Exercise data:
Start of Block

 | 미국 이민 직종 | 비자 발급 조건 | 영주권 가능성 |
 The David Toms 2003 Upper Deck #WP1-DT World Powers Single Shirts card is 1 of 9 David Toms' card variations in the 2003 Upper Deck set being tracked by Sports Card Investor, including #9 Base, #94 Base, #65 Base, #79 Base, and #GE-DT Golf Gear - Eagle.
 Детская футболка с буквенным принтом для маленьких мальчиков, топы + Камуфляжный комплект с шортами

End of Block
Start of Block

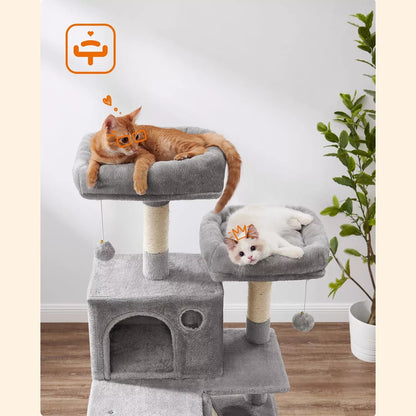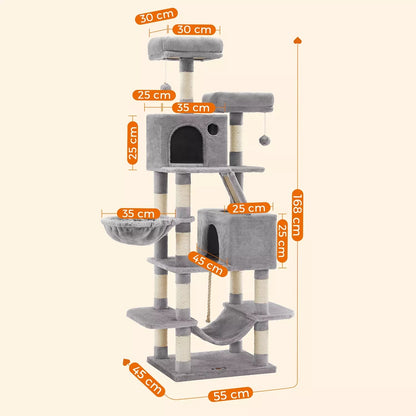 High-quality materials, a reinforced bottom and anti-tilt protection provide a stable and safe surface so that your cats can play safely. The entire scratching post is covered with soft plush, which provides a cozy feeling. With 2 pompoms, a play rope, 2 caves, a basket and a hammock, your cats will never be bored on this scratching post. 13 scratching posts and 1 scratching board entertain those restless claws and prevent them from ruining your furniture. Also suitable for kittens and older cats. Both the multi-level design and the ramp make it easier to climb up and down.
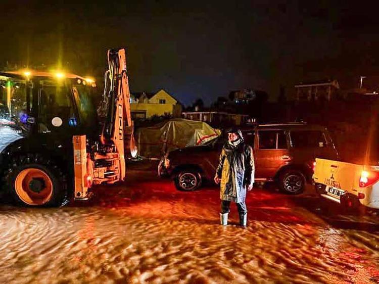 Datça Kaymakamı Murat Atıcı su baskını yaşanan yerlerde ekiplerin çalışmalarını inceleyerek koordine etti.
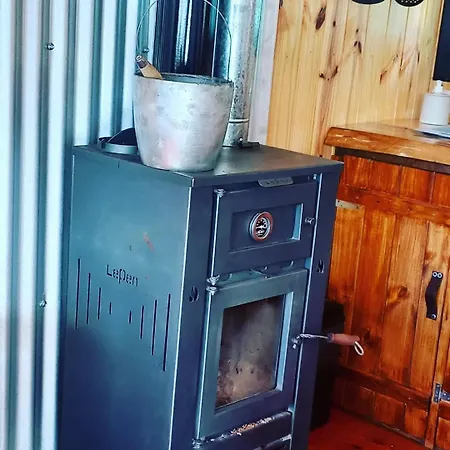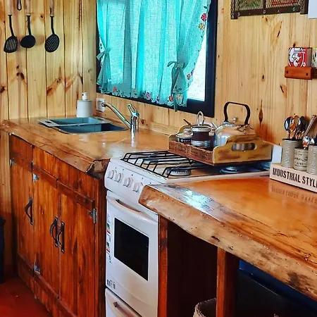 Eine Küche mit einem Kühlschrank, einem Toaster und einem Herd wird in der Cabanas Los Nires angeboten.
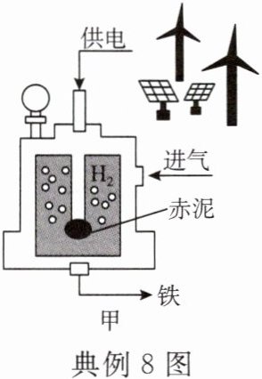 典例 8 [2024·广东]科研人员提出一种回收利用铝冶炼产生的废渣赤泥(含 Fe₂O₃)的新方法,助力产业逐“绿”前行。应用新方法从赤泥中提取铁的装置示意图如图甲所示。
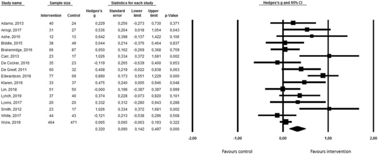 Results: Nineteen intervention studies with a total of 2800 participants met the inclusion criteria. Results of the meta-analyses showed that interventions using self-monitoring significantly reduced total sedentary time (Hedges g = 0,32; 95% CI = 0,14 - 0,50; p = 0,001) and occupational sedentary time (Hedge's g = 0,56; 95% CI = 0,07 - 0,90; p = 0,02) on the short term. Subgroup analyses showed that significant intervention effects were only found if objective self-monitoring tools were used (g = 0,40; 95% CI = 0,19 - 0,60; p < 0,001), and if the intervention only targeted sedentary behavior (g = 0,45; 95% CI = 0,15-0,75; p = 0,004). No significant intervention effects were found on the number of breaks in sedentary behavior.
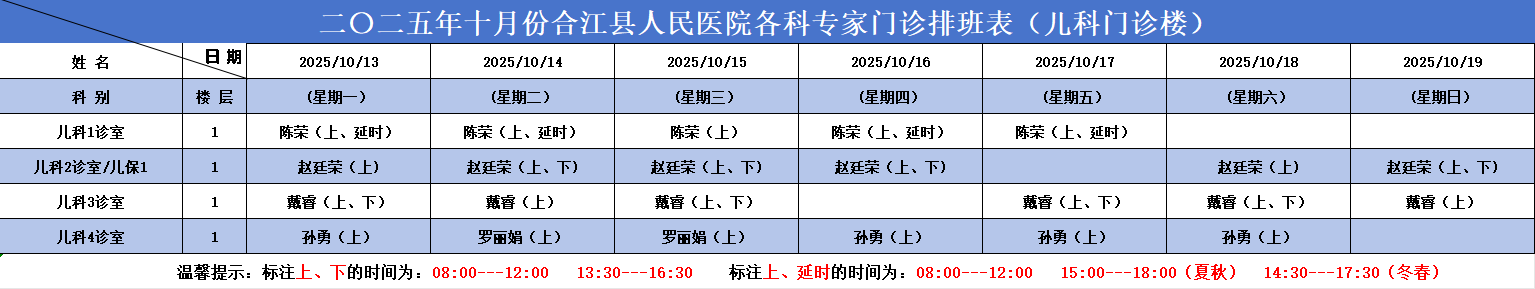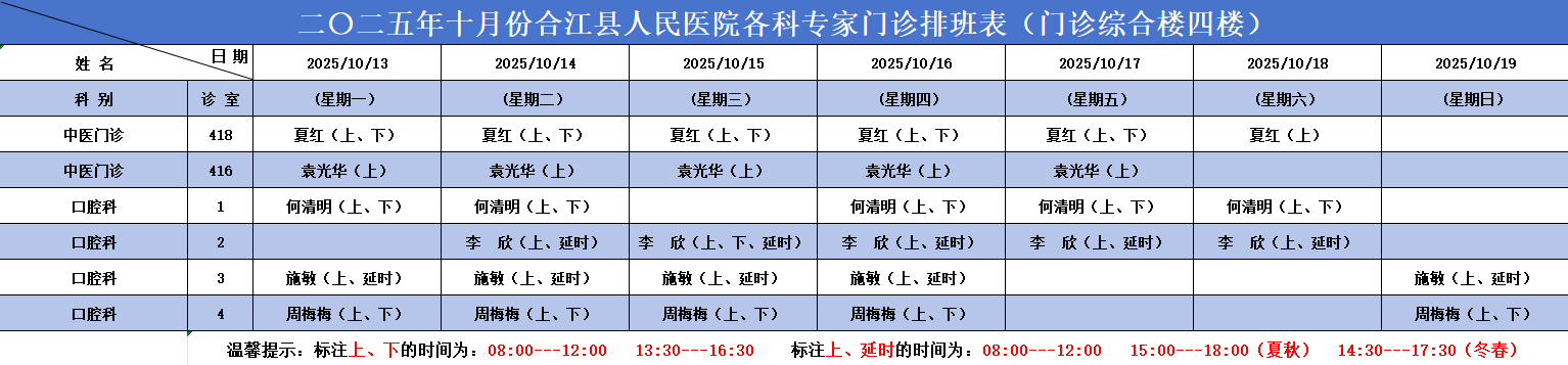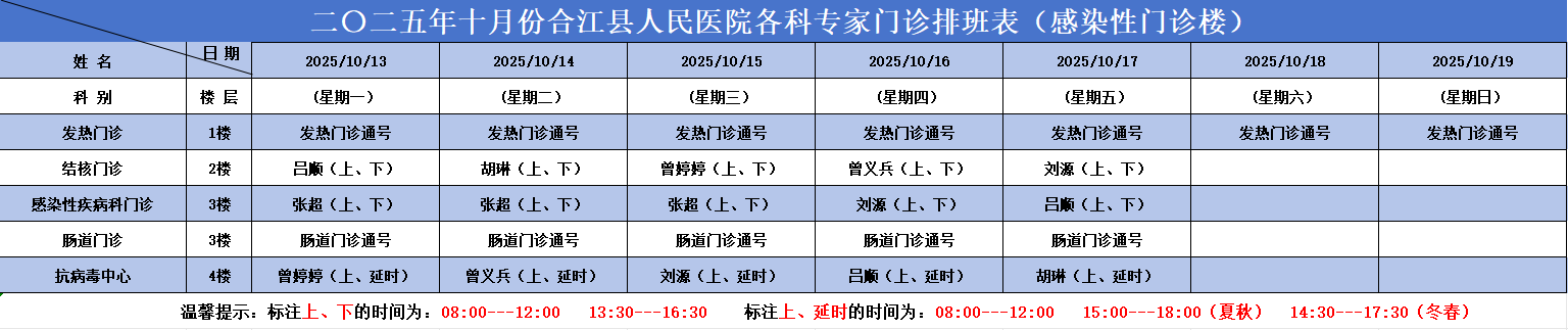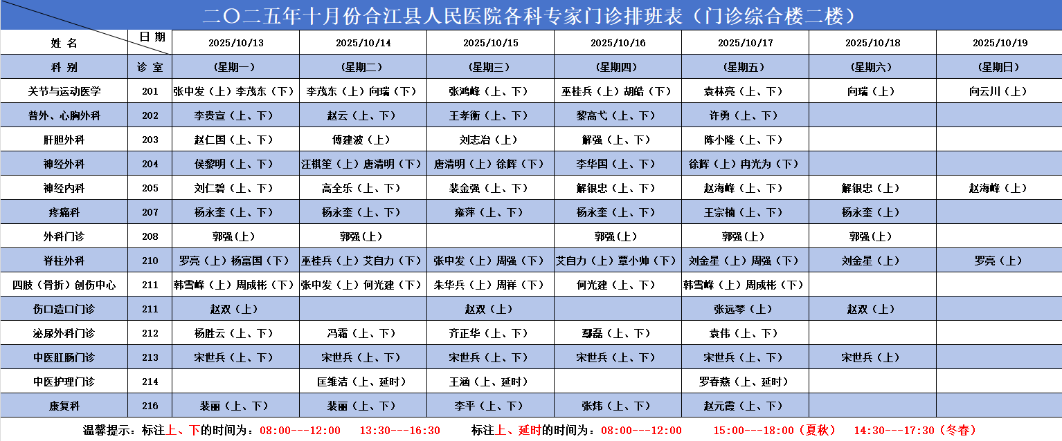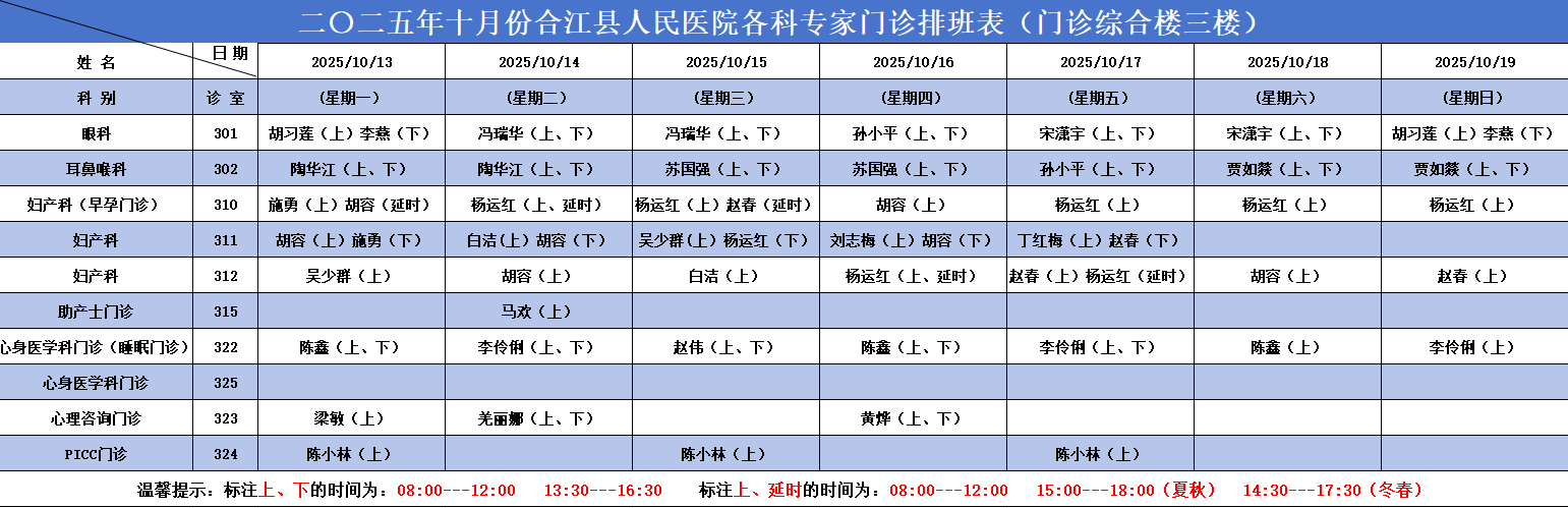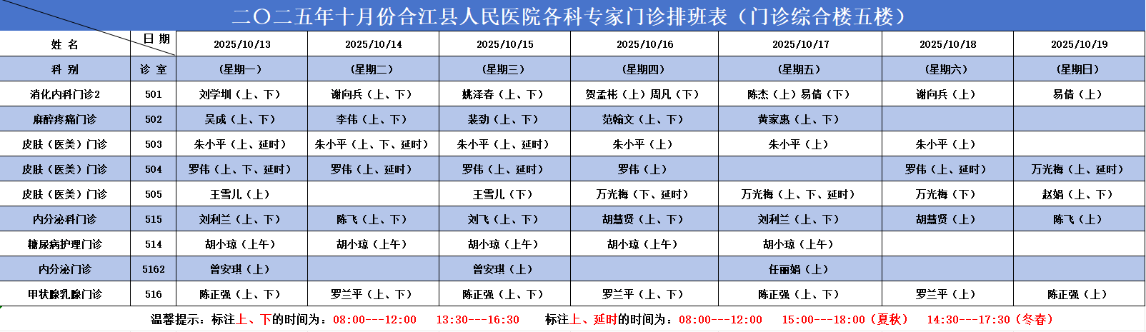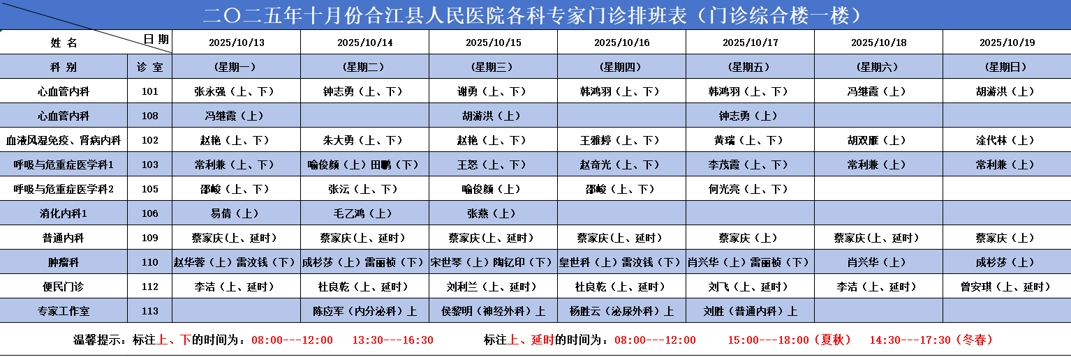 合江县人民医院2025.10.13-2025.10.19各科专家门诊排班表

End of Block
Start of Block

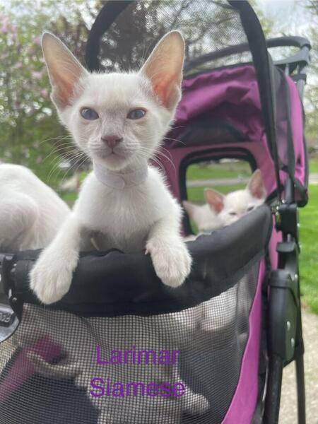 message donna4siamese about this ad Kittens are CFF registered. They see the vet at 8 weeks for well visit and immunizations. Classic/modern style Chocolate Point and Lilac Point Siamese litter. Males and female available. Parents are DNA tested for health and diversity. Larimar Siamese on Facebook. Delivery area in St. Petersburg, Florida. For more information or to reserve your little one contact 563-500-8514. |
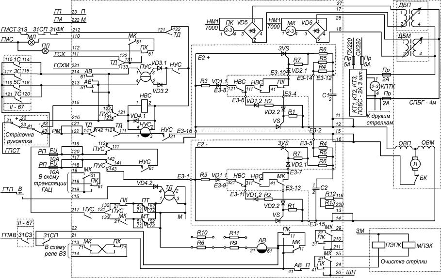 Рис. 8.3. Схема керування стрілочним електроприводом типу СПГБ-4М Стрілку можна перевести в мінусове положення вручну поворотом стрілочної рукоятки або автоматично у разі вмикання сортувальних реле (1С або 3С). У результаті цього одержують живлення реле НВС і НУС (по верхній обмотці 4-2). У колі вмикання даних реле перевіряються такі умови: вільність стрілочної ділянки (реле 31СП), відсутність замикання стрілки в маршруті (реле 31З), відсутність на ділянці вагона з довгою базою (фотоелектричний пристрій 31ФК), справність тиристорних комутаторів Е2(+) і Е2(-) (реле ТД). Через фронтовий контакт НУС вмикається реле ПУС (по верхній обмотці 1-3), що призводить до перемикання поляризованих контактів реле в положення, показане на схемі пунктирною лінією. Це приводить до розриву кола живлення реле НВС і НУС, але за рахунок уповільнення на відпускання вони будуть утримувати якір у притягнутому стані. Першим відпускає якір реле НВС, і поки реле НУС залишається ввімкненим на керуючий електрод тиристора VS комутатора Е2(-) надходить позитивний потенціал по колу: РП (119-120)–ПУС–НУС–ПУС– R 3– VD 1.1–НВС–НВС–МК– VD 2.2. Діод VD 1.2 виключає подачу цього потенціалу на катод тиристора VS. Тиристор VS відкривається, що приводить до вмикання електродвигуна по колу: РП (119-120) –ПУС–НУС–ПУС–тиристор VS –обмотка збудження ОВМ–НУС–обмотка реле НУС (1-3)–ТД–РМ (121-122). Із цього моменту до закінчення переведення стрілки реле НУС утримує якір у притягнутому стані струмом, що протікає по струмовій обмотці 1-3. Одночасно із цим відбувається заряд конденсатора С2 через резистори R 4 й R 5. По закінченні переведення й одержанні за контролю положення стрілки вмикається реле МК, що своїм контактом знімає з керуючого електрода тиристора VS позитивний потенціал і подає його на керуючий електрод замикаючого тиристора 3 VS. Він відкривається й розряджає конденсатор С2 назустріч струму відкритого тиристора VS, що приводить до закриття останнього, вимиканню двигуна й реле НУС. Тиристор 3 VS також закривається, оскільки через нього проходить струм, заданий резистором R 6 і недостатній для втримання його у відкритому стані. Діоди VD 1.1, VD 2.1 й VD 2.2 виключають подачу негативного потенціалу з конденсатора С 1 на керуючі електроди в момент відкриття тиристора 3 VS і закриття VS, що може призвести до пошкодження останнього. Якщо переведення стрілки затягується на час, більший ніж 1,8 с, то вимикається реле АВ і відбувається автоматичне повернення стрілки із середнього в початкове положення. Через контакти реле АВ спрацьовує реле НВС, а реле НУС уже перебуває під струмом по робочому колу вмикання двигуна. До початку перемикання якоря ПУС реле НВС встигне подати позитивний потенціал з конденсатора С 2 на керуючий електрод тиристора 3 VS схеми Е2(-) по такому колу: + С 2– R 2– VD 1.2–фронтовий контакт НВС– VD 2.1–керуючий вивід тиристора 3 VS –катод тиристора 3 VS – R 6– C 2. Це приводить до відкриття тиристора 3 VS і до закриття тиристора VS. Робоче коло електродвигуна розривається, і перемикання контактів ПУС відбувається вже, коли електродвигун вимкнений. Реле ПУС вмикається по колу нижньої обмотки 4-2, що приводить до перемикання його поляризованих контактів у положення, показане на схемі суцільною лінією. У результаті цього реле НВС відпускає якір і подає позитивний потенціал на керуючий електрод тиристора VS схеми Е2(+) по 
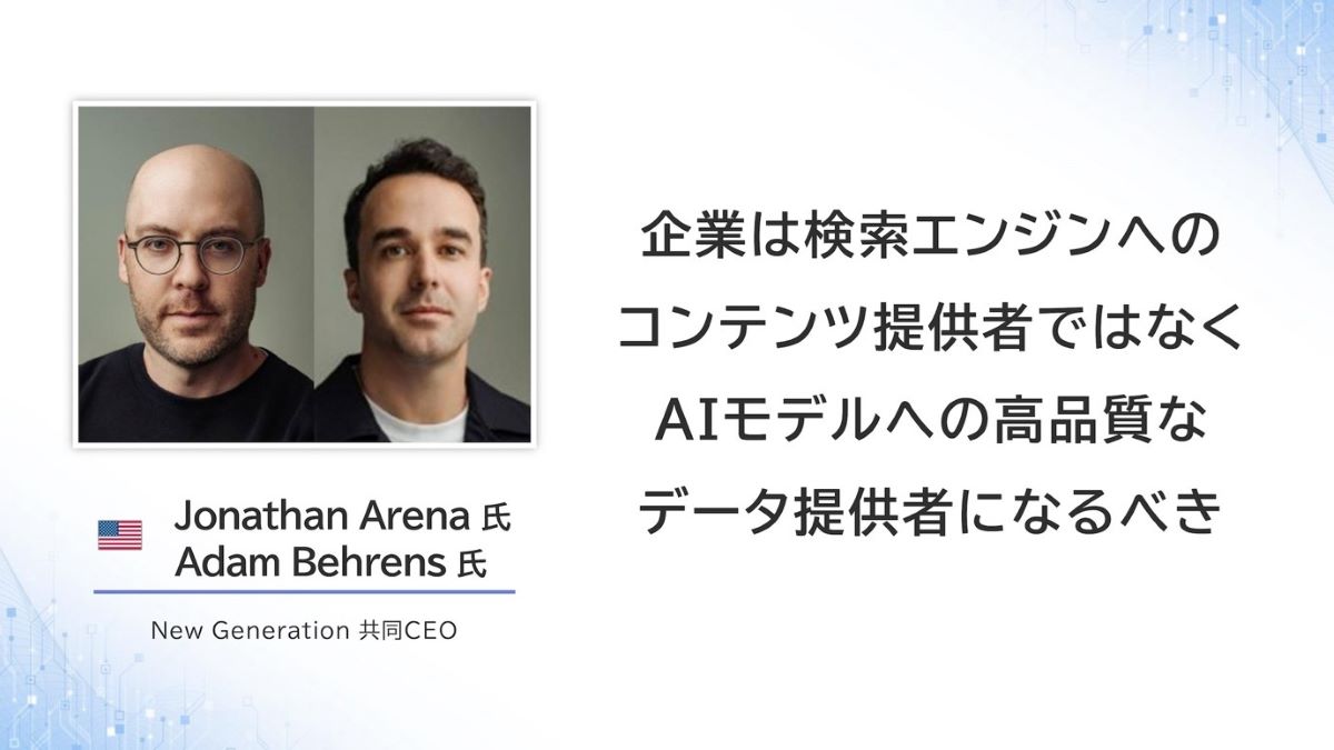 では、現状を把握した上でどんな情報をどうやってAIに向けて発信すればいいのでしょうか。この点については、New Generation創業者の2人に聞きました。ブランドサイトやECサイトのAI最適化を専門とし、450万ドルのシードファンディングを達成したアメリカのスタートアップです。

End of Block

Problem requirements: Within the listing above, give again exactly every line from the line with "조건 | 영주권 가능성 |" through the line with "Детская футболка с", both included, and no other line.

Answer:
 | 미국 이민 직종 | 비자 발급 조건 | 영주권 가능성 |
 The David Toms 2003 Upper Deck #WP1-DT World Powers Single Shirts card is 1 of 9 David Toms' card variations in the 2003 Upper Deck set being tracked by Sports Card Investor, including #9 Base, #94 Base, #65 Base, #79 Base, and #GE-DT Golf Gear - Eagle.
 Детская футболка с буквенным принтом для маленьких мальчиков, топы + Камуфляжный комплект с шортами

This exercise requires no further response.